1 Bottom 2 Can body 3 Mounting cap 4 Spray nozzle

Claims

In mass%, C: 0.02 to 0.10%, Si: 0.01 to 0.5%, P: 0.001 to 0.100%, S: 0.001 to 0.020%, N: 0.007 to 0.025%, Al: 0.01 to {-4.2 × N (%) + 0.11}%, Mnf = Mn−1.71 × S (however, the amount of Mn in the formula) , S amount is Mn content in steel (mass%), S content (mass%)), Mnf: 0.10% or more and less than 0.30%, the balance is Fe and inevitable impurities The component composition is
The plate thickness is 0.35 mm or less,
The product of the lower yield strength (N / mm 2 ) and the plate thickness (mm) of the steel plate is 160 (N / mm) or less,
The product of the upper yield strength (N / mm 2 ) and the square of the plate thickness (mm) when the steel sheet was subjected to 10% tensile pre-strain and then subjected to room temperature aging at 25 ° C. for 10 days was 52 Steel plate for aerosol can bottom having high pressure resistance and excellent workability, characterized by being 0.0 (N) or more.

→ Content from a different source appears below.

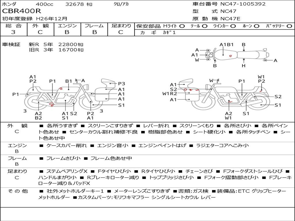 | Номер рамы / VIN | NC47-1005392 |

Further, by mass%, the Al is 0.01 to {-4.2 × N (%) + 0.11} and {3.0 × N (%)}%, and Nf = {N-NasAlN} / N (where N content is N content (mass%) in steel and NasAlN is N content (mass%) present as AlN), Nf: 0.65 or more The steel plate for an aerosol can bottom having high compressive strength and excellent workability according to claim 1.
In mass%, C: 0.02 to 0.10%, Si: 0.01 to 0.5%, P: 0.001 to 0.100%, S: 0.001 to 0.020%, N: 0.007 to 0.025%, Al: 0.01 to {-4.2 × N (%) + 0.11}%, Mnf = Mn−1.71 × S (however, the amount of Mn in the formula) , S amount is Mn content in steel (mass%), S content (mass%)), Mnf: 0.10% or more and less than 0.30%, the balance is Fe and inevitable impurities Steel having a composition of the following is melted to form a slab by continuous casting, and after reheating the slab to a temperature of 1150 ° C or higher, hot rolling is performed at a coiling temperature of less than 620 ° C, pickling, cold rolling Aerosol cans with high pressure strength and excellent workability characterized by recrystallization annealing and temper rolling at an elongation of less than 3% Manufacturing method of steel plate for bottom.
In the component composition, the Al is 0.01 to {-4.2 × N (%) + 0.11} and {3.0 × N (%)}%, and Nf = {N−NasAlN} / Nf (where N content is N content (mass%) in steel, NasAlN is N content (mass%) present as AlN)), Nf: 0.65 or more The manufacturing method of the steel plate for aerosol can bottoms with the high pressure strength of Claim 3, and excellent in workability.